Ainsi, dans un communiqué du SNES-FSU, on apprenait ce dimanche que, dès 2024, le SNU commencerait à être obligatoire pour les élèves de seconde de six départements. Les lycéens du Cher, des Hautes Alpes, des Vosges, du Finistère, de la Dordogne et du Var sont les (mal)heureux élus. D’après un article de Politis, cette obligation concernerait également les élèves de premières en CAP.

Dès janvier prochain, des stages de deux semaines seront donc obligatoires pour les élèves de seconde de ces départements. Pire, ces stages seront organisés pendant le temps scolaire. Mais ce n’est pas tout : ces départements sont seulement « expérimentateurs », et dès l’année suivante, ce sont vingt départements qui seront concernés par l’obligation, pour enfin à arriver une généralisation totale pour l’année 2026. A terme, ce sont donc 800 000 élèves qui se verront obligés de réaliser ce fameux stage visant à mettre au pas la jeunesse.

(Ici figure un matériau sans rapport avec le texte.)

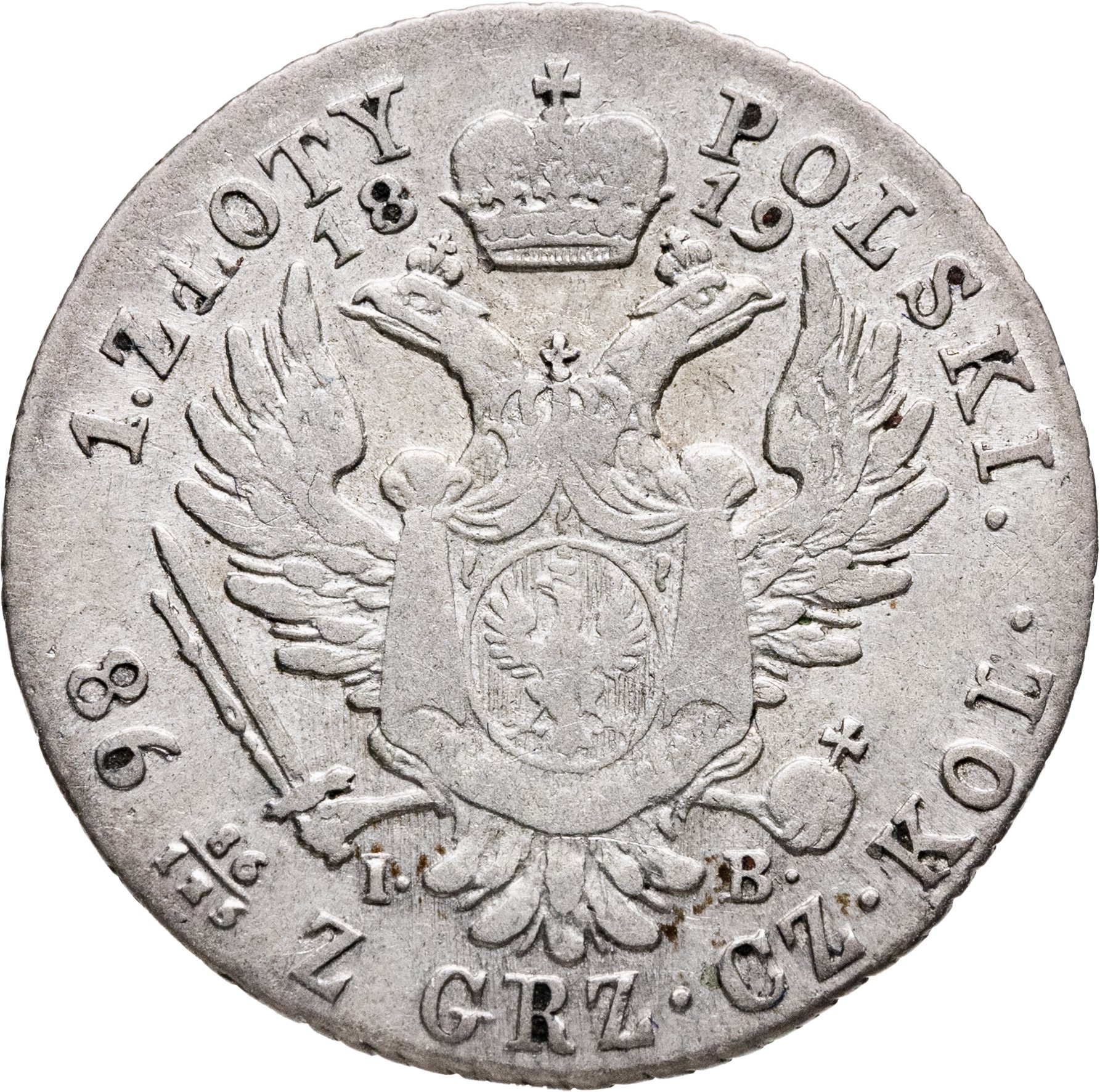 В центре двуглавый орёл, головы которого увенчаны двумя коронами, третья, большая корона над ними. На груди орла герб Польского королевства под королевской короной и пологом. В правой лапе орла – скипетр и меч, в левой – держава. Под правой лапой – литера «I•», под левой – литера «B•». Инициалы минцмейстера Jacub Benik (Яков Беник). Над головами орла – дата выпуска «1819», разделённая большой короной. Вокруг орла круговая надпись: «1. ZŁOTY POLSKI. 86 86/125 Z GRZ• CZ• KOL•».

Entre autres, on apprend également que le gouvernement a prévu de saisir le Conseil supérieur des programmes pour repenser le contenu des cours d’éducation morale et civique (EMC) afin de les réarticuler avec le « cadrage pédagogique » du SNU, conçu dorénavant comme « l’aboutissement du parcours citoyen ». C’est-à-dire, comme le pointe le SNES, soumettre « dans les faits cette discipline scolaire à la logique d’une instruction militaire ».

On apprend également qu’en cas d’absence, le gouvernement « n’enverra pas les gendarmes » mais organisera des « séjour de rattrapage » pendant les vacances. Au-delà de cette blague qui passe très mal, alors que la répression policière est devenue systématique sur les blocus lycéens, la secrétaire d’État confie également qu’aucune disposition de type « objection de conscience » n’est envisagée pour éviter de réaliser le stage car « ce n’est pas un service militaire ». Encore une bonne blague.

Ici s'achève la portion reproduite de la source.